-- Provided data --
+++

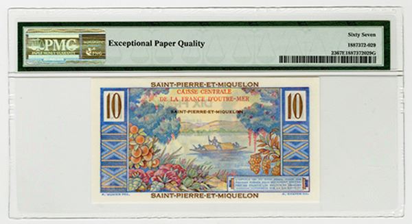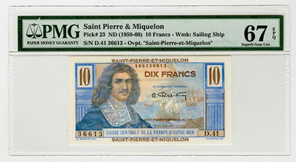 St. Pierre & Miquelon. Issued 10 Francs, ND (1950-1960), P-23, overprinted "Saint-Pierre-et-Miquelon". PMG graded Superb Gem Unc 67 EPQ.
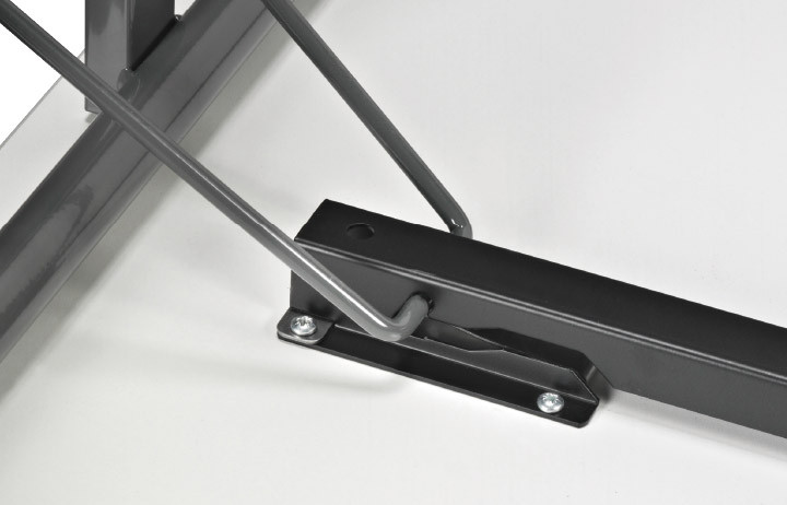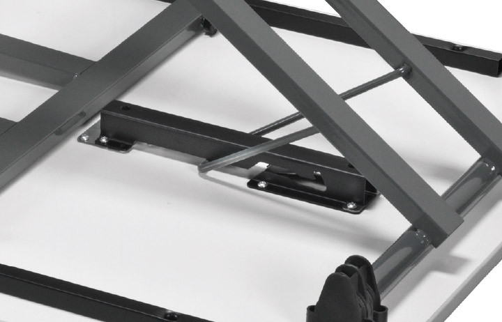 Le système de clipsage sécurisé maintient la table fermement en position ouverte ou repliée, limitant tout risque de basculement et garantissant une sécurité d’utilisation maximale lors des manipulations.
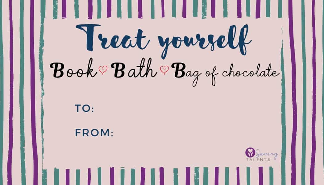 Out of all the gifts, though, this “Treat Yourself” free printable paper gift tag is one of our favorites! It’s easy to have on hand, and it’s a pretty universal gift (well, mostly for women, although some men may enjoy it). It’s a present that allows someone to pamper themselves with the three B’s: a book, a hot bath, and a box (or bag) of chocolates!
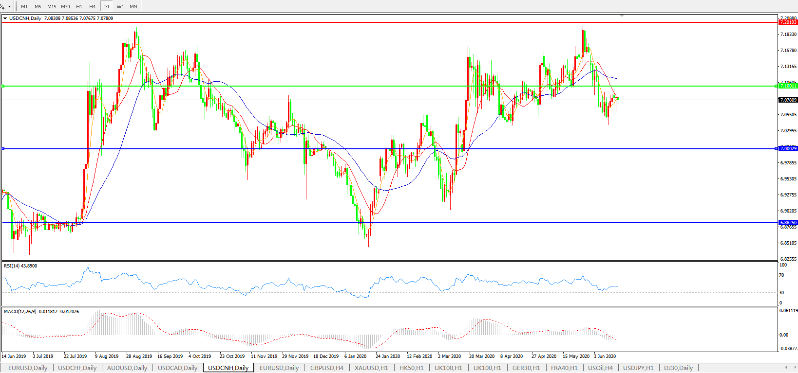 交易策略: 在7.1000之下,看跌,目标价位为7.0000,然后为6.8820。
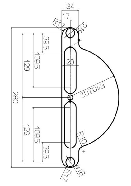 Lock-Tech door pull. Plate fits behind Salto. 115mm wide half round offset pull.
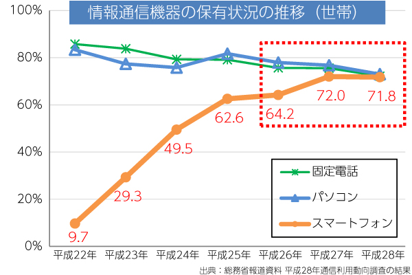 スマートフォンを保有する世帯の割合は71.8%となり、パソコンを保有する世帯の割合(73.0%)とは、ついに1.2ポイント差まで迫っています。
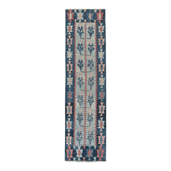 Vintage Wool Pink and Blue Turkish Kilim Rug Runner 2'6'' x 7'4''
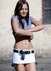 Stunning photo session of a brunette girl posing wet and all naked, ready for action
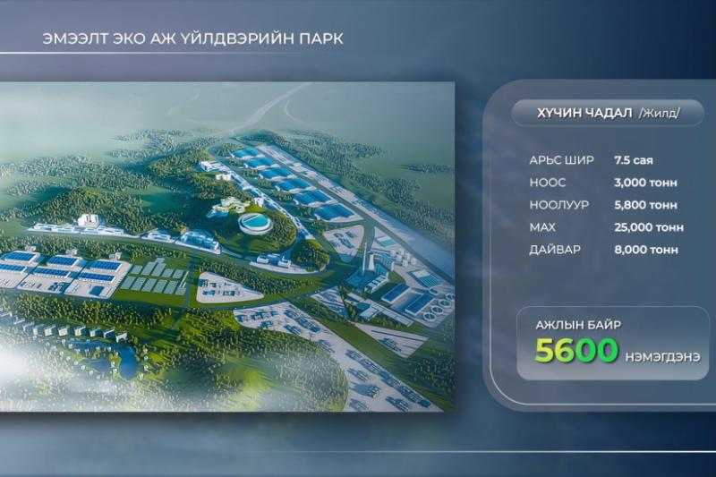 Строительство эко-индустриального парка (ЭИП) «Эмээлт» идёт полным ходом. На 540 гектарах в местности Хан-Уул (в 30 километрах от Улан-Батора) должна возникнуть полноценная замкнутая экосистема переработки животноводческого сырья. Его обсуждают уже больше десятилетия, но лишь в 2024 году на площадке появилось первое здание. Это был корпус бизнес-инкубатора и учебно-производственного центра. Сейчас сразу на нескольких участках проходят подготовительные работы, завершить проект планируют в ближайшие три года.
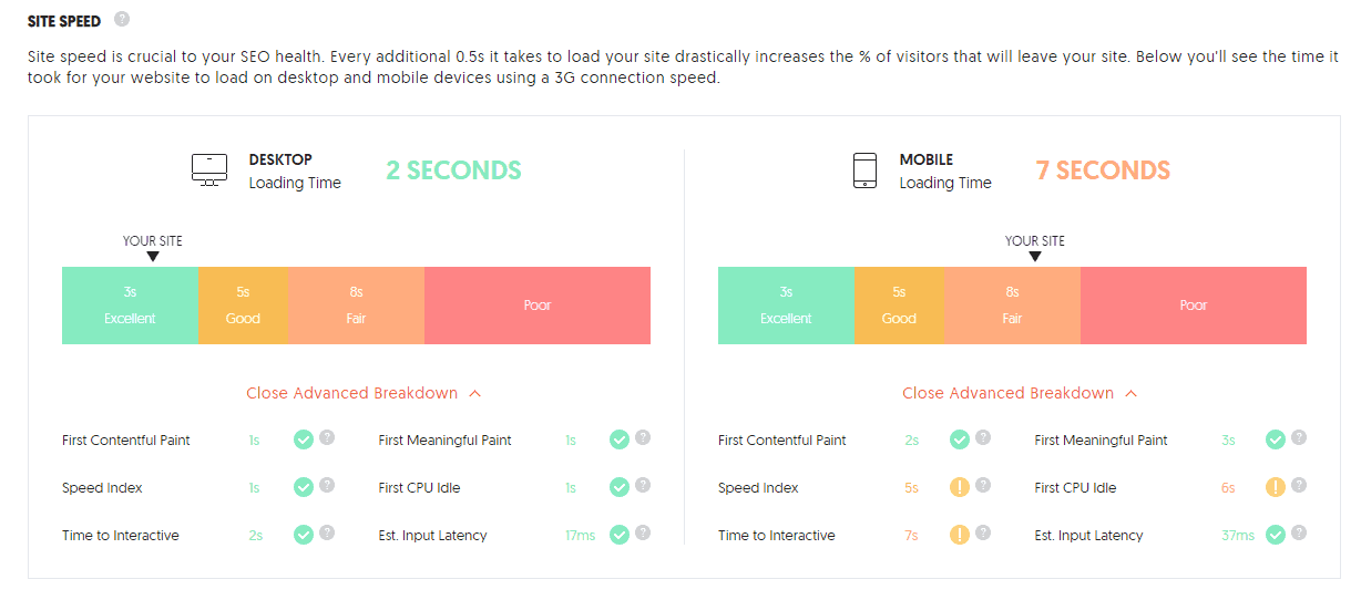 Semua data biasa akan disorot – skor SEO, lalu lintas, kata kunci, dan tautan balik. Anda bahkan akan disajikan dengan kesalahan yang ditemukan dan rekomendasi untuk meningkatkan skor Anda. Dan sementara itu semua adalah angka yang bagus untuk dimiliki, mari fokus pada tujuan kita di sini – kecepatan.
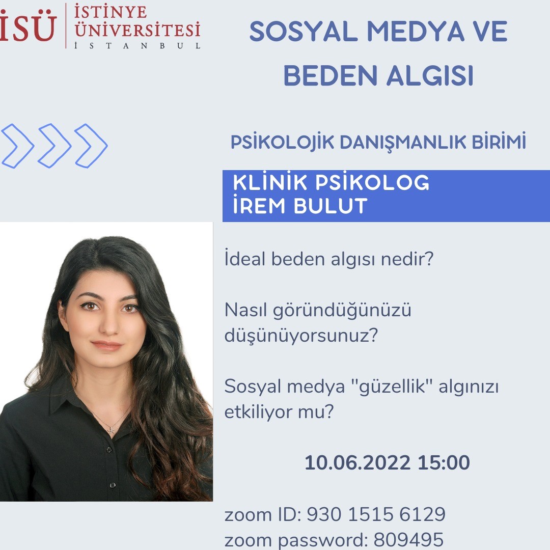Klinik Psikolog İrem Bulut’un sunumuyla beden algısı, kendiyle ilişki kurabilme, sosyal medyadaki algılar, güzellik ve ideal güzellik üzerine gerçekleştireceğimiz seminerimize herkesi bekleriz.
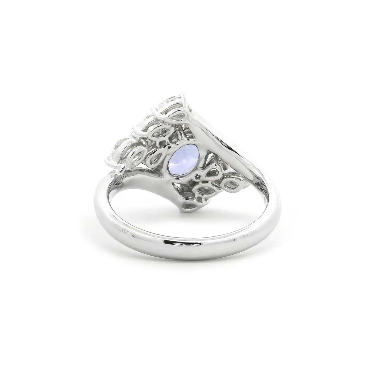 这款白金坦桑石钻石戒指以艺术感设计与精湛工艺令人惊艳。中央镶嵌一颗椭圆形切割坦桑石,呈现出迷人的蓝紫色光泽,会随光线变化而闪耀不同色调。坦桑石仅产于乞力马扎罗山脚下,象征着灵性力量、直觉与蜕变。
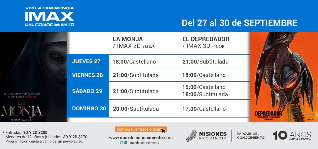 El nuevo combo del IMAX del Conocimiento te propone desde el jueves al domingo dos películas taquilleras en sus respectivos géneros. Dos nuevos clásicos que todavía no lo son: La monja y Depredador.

+++

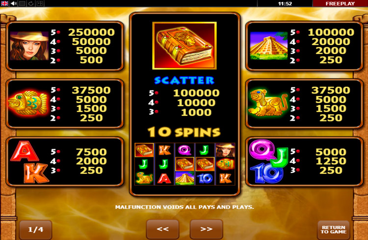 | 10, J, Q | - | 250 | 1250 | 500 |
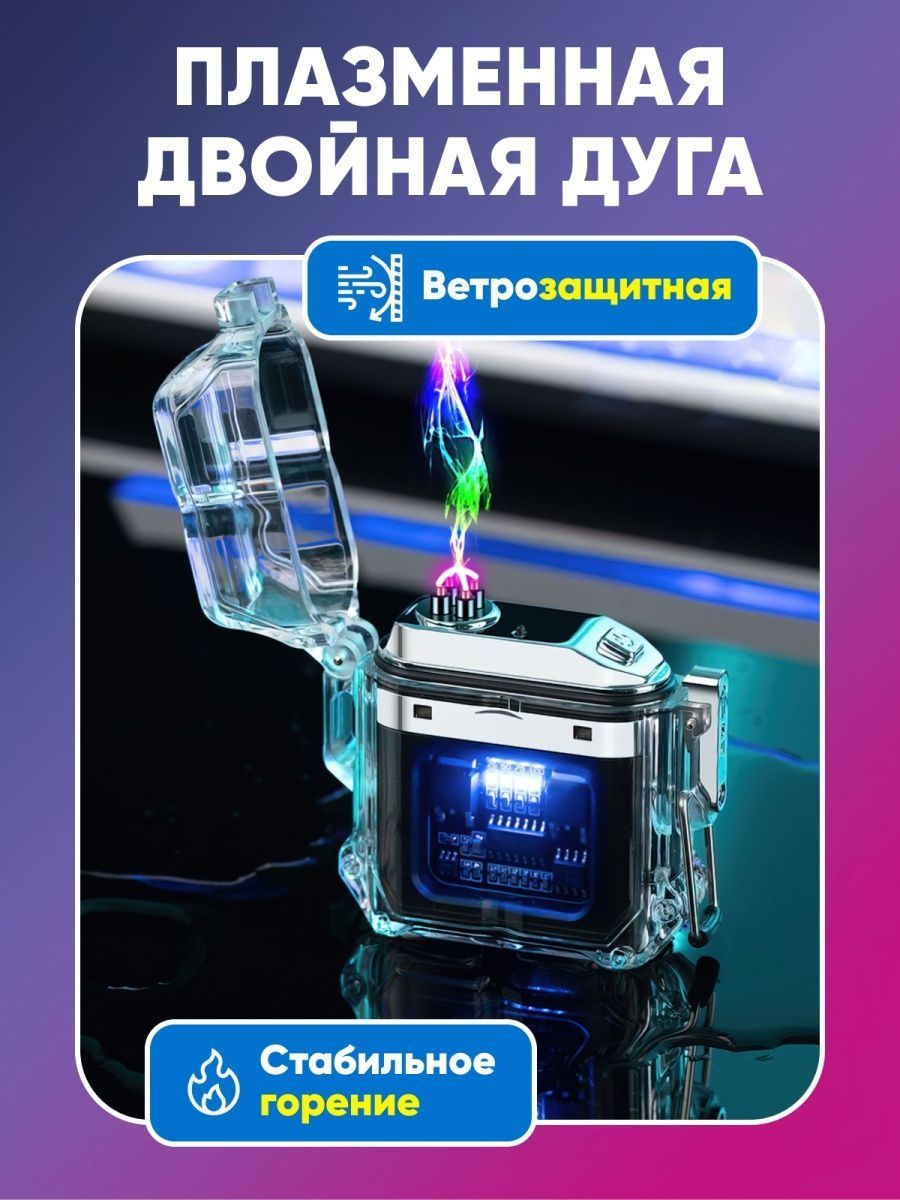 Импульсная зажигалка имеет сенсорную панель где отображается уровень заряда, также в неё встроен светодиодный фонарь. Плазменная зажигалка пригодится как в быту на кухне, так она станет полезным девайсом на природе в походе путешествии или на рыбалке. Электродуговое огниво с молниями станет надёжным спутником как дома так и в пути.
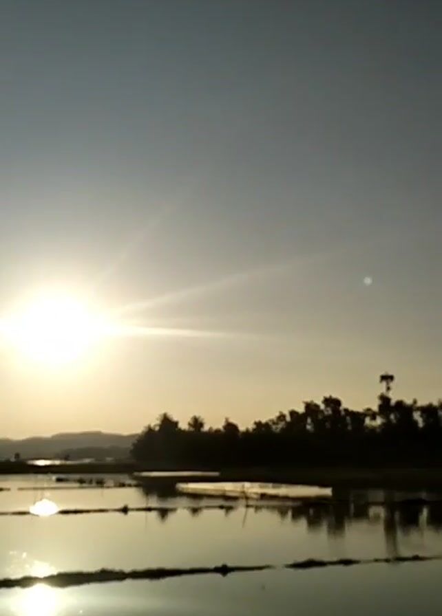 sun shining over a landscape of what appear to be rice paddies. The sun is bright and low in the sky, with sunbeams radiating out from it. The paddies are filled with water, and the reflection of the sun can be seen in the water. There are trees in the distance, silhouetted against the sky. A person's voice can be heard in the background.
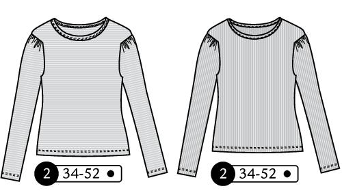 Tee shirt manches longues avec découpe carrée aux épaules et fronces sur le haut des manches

+++

-- Work item --
Look above for the line containing "Klinik Psikolog İrem", then copy exactly from it through the line containing "El nuevo combo", keeping both and leaving out pictures. Add nothing else.

-- Output --
Klinik Psikolog İrem Bulut’un sunumuyla beden algısı, kendiyle ilişki kurabilme, sosyal medyadaki algılar, güzellik ve ideal güzellik üzerine gerçekleştireceğimiz seminerimize herkesi bekleriz.
 这款白金坦桑石钻石戒指以艺术感设计与精湛工艺令人惊艳。中央镶嵌一颗椭圆形切割坦桑石,呈现出迷人的蓝紫色光泽,会随光线变化而闪耀不同色调。坦桑石仅产于乞力马扎罗山脚下,象征着灵性力量、直觉与蜕变。
 El nuevo combo del IMAX del Conocimiento te propone desde el jueves al domingo dos películas taquilleras en sus respectivos géneros. Dos nuevos clásicos que todavía no lo son: La monja y Depredador.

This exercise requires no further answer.